YOUR GOAL:
Type out each entry exactly as it appears, but keep every image out.

MATERIAL FOR THIS EXERCISE:
--- START ---
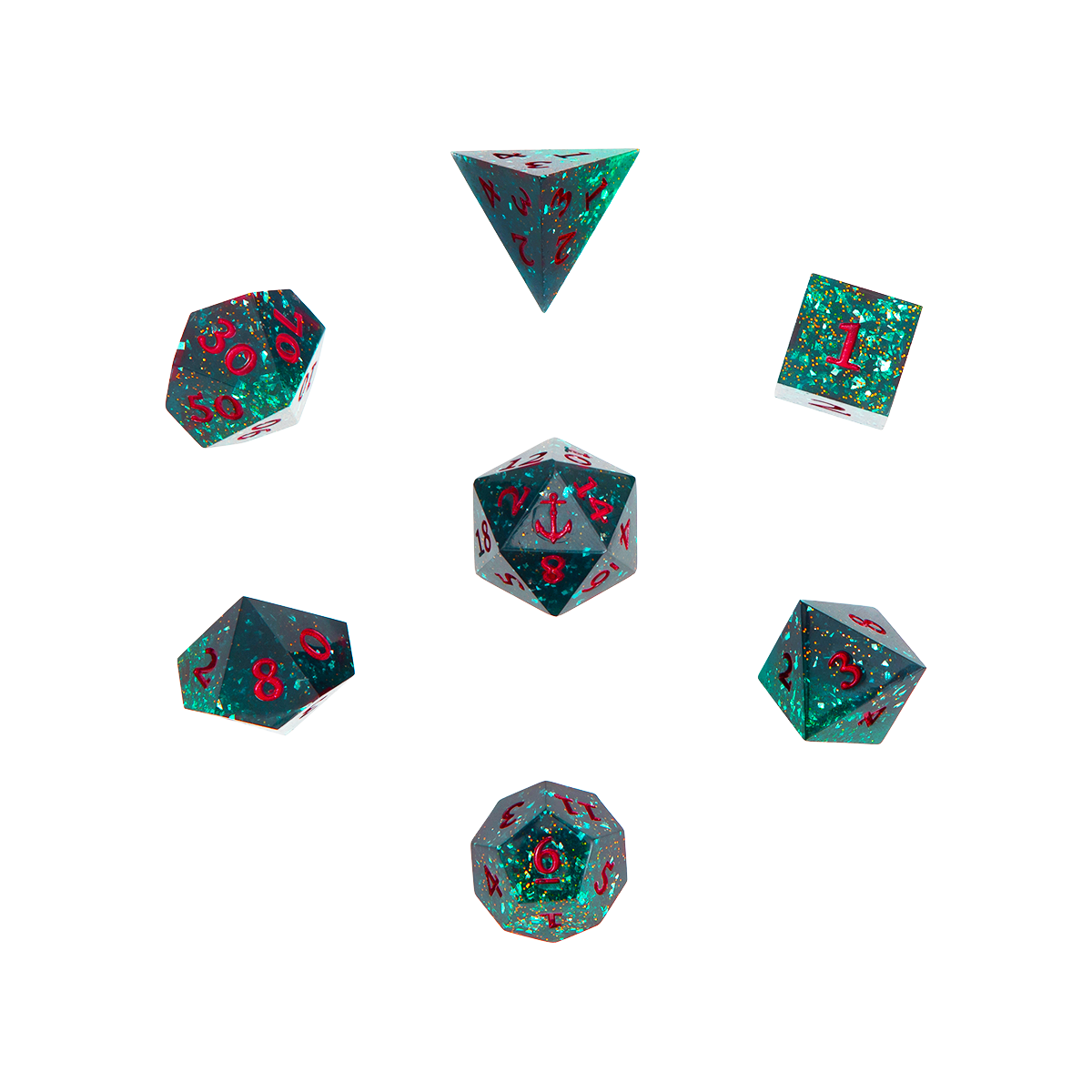 The Fjord Stone Champion Dice Set will arm your next roll to level 20 storm-tossed sea power! Swirled with deep dark green and blue details, these sharp edged epoxy resin dice capture the look of cold ocean depths, accented with golden shimmer and blue foil flakes that glint like the sun on crashing waves against the striking bold red numbering. The d20 bears a custom anchor symbol on the 20 face—a nod to Fjord’s nautical origins.
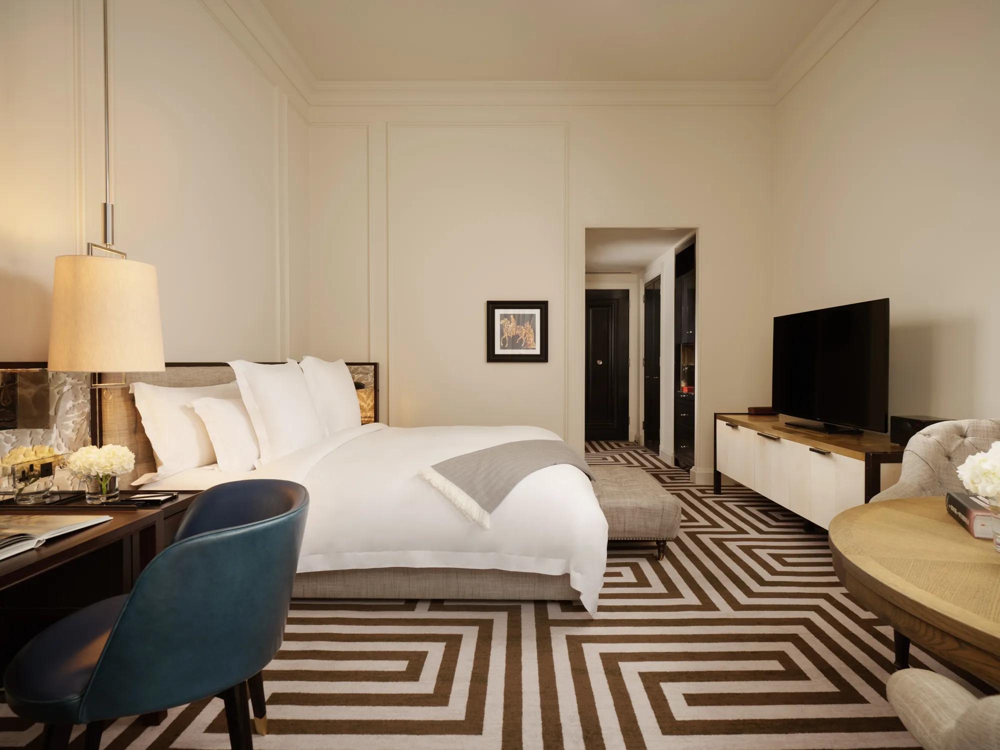 Rosewood London's Two-Bedroom Grand Premier Rooms span over 68 square metres, offering bright and eminently comfortable living spaces in which to relax and unwind. Rich textiles, refined wall panelling, contemporary art and lit vanities grace each room, creating an elevated and charming atmosphere throughout. Italian marble bathrooms with walk-in shower or deep soaking bathtub offer impeccable residential style. The perfect retreat for families with young children who appreciate the convenience of interconnecting rooms.
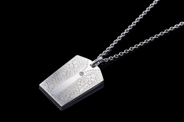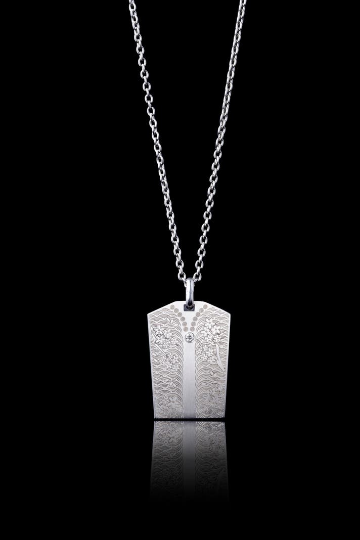 日本の「男」を彷彿とさせる和彫り模様を刻印したペンダント。
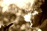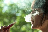 Woman exhaling white vaper smoke wrapped in a cloud of smoke on green background of a parke in the city. woman vaping electronic cigarettes in a cloud of white smoke copy space
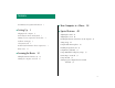 Contents Communications regulation information v m Setting Up 1 Plugging in the computer 2 Connecting the mouse and keyboard 3 Turning on your computer for the first time 4 Problems starting up? 5 Safety instructions 6 Health-related information about computer use 7 What’s next? 11 m Learning the Basics 12 Taking the Macintosh Basics tour 12 Turning the computer on and off 16 m Your Computer at a Glance 18 m Special Features 20 Adjusting the sound 20 Adjusting the screen 22 Disabling the buttons on the f
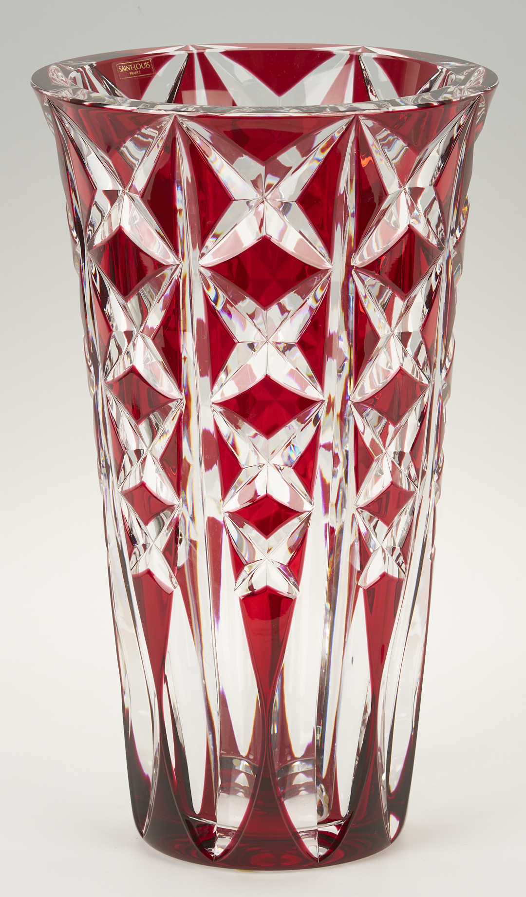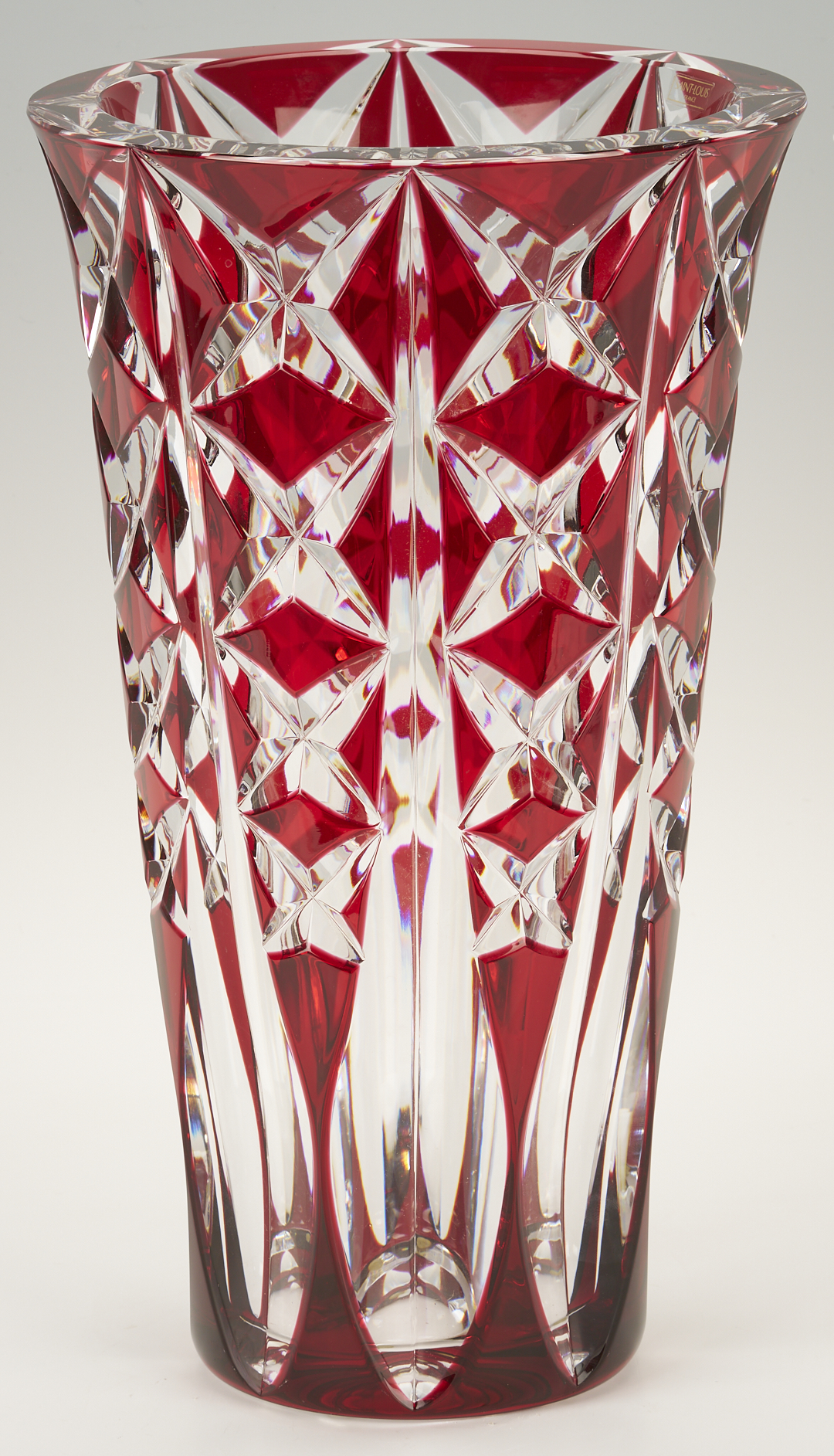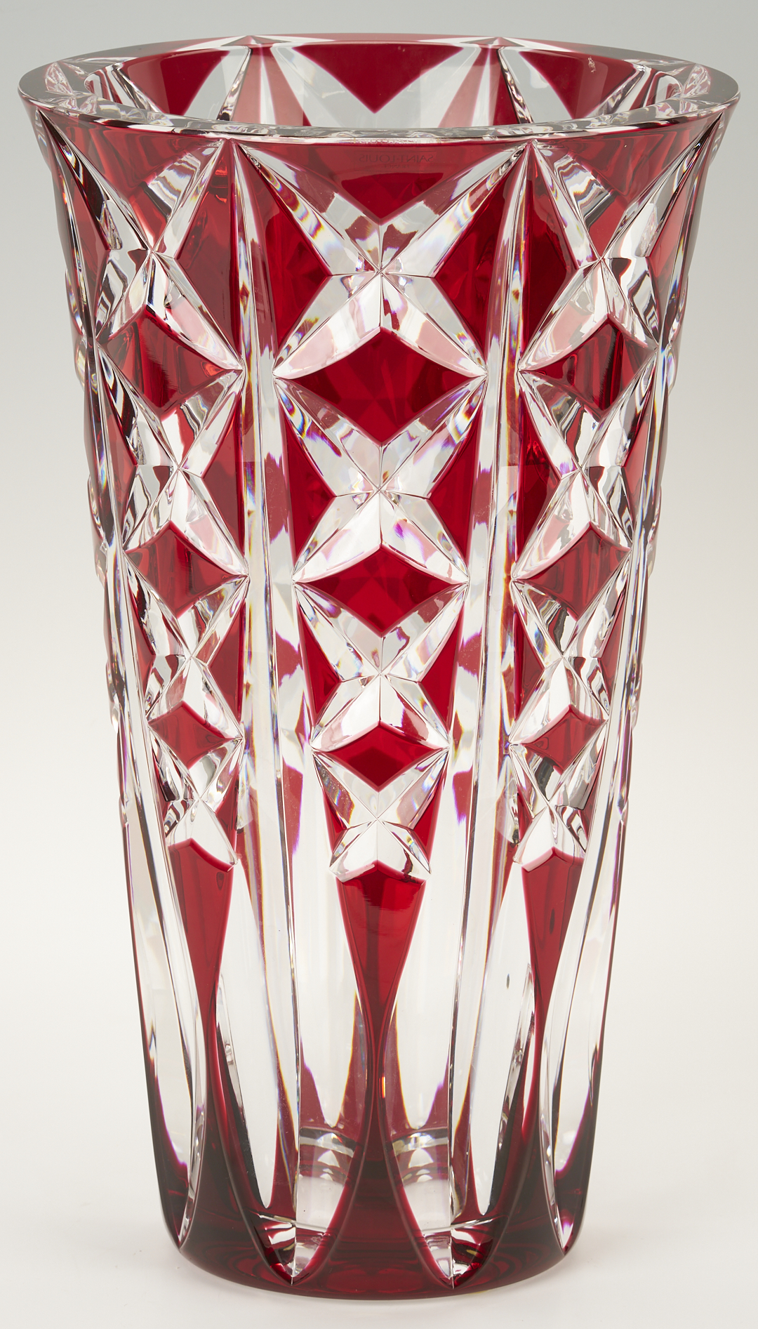 Large St. Louis, France Deauville cut glass crystal vase, ruby overlay cut to clear. Retains the original label and acid-etched stamp on the base. 16 in. H x 9 in. dia. 20th century.
--- END ---
REPLY TO THE TASK:
 The Fjord Stone Champion Dice Set will arm your next roll to level 20 storm-tossed sea power! Swirled with deep dark green and blue details, these sharp edged epoxy resin dice capture the look of cold ocean depths, accented with golden shimmer and blue foil flakes that glint like the sun on crashing waves against the striking bold red numbering. The d20 bears a custom anchor symbol on the 20 face—a nod to Fjord’s nautical origins.
 Rosewood London's Two-Bedroom Grand Premier Rooms span over 68 square metres, offering bright and eminently comfortable living spaces in which to relax and unwind. Rich textiles, refined wall panelling, contemporary art and lit vanities grace each room, creating an elevated and charming atmosphere throughout. Italian marble bathrooms with walk-in shower or deep soaking bathtub offer impeccable residential style. The perfect retreat for families with young children who appreciate the convenience of interconnecting rooms.
 日本の「男」を彷彿とさせる和彫り模様を刻印したペンダント。
 Woman exhaling white vaper smoke wrapped in a cloud of smoke on green background of a parke in the city. woman vaping electronic cigarettes in a cloud of white smoke copy space
 Contents Communications regulation information v m Setting Up 1 Plugging in the computer 2 Connecting the mouse and keyboard 3 Turning on your computer for the first time 4 Problems starting up? 5 Safety instructions 6 Health-related information about computer use 7 What’s next? 11 m Learning the Basics 12 Taking the Macintosh Basics tour 12 Turning the computer on and off 16 m Your Computer at a Glance 18 m Special Features 20 Adjusting the sound 20 Adjusting the screen 22 Disabling the buttons on the f
 Large St. Louis, France Deauville cut glass crystal vase, ruby overlay cut to clear. Retains the original label and acid-etched stamp on the base. 16 in. H x 9 in. dia. 20th century.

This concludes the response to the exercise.